Exercise details:
Repeat the listing below word for word, minus the pictures.

Collected material:
■ ■ ■
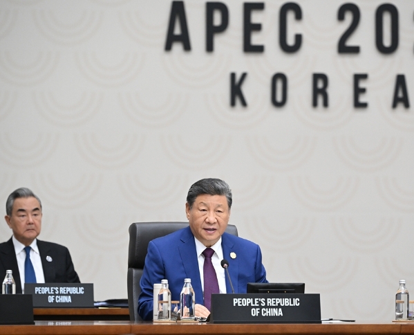当地时间11月1日上午,国家主席习近平在韩国庆州出席亚太经合组织第三十二次领导人非正式会议第二阶段会议,并发表题为《共同开创可持续的美好明天》的重要讲话。新华社记者 谢环驰 摄
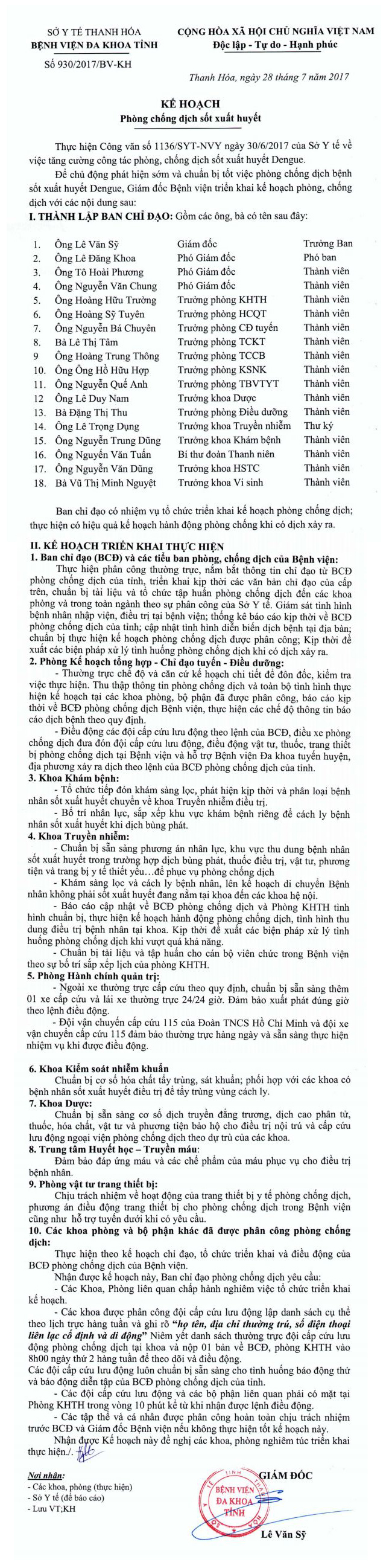Kế hoạch phòng chống dịch sốt xuất huyết
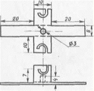 Рис. 2. 1. «Гнездо». 2. Кольцо. 3. Лапки. 4. Клинья. 5. Фольга. 6. «Гнездо» Кольца можно примотать также швейным цветным шелком, который бывает в продаже на картонных шпульках. Для обмотки надо использовать более толстую нить (свить три нитки) и после покрыть масляным лаком 2–3 раза. На удилище длиной 1,65 м достаточно иметь три кольца, включая «тюльпан». Первое кольцо можно поставить на расстоянии 40 см от торца шпульки катушки, второе — в 56 см от первого и на конце — «тюльпан». Более удобными при транспортировке будут съемные кольца. Для этой цели используются такие же кольца, а вместо постоянной обмотки крепления на удилище устраивают «гнезда» для вставки в них лапок колец. Из бамбука приклеивают к удилищу клинышки (4 шт. на каждое кольцо), сверху накладывают фольгу или тонкую медную пластинку. Дальше гнездо приматывается нитками. Образовавшуюся обмотку дважды покрывают масляным лаком. Чтобы установить на место кольцо, лапки его сжимают, вставляют в гнезда и отпускают. В силу упругости они держатся достаточно надежно. При транспортировке съемные кольца перевозятся отдельно от удилища. Нетрудно изготовить и стационарные складывающиеся кольца. Из оцинкованной жести толщиной 0,7–0,8 мм вырезать крепление (рис. 3) и боковые щечки согнуть по пунктирным линиям до вертикального положения.
■ ■ ■
Exercise response:
当地时间11月1日上午,国家主席习近平在韩国庆州出席亚太经合组织第三十二次领导人非正式会议第二阶段会议,并发表题为《共同开创可持续的美好明天》的重要讲话。新华社记者 谢环驰 摄
Kế hoạch phòng chống dịch sốt xuất huyết
 Рис. 2. 1. «Гнездо». 2. Кольцо. 3. Лапки. 4. Клинья. 5. Фольга. 6. «Гнездо» Кольца можно примотать также швейным цветным шелком, который бывает в продаже на картонных шпульках. Для обмотки надо использовать более толстую нить (свить три нитки) и после покрыть масляным лаком 2–3 раза. На удилище длиной 1,65 м достаточно иметь три кольца, включая «тюльпан». Первое кольцо можно поставить на расстоянии 40 см от торца шпульки катушки, второе — в 56 см от первого и на конце — «тюльпан». Более удобными при транспортировке будут съемные кольца. Для этой цели используются такие же кольца, а вместо постоянной обмотки крепления на удилище устраивают «гнезда» для вставки в них лапок колец. Из бамбука приклеивают к удилищу клинышки (4 шт. на каждое кольцо), сверху накладывают фольгу или тонкую медную пластинку. Дальше гнездо приматывается нитками. Образовавшуюся обмотку дважды покрывают масляным лаком. Чтобы установить на место кольцо, лапки его сжимают, вставляют в гнезда и отпускают. В силу упругости они держатся достаточно надежно. При транспортировке съемные кольца перевозятся отдельно от удилища. Нетрудно изготовить и стационарные складывающиеся кольца. Из оцинкованной жести толщиной 0,7–0,8 мм вырезать крепление (рис. 3) и боковые щечки согнуть по пунктирным линиям до вертикального положения.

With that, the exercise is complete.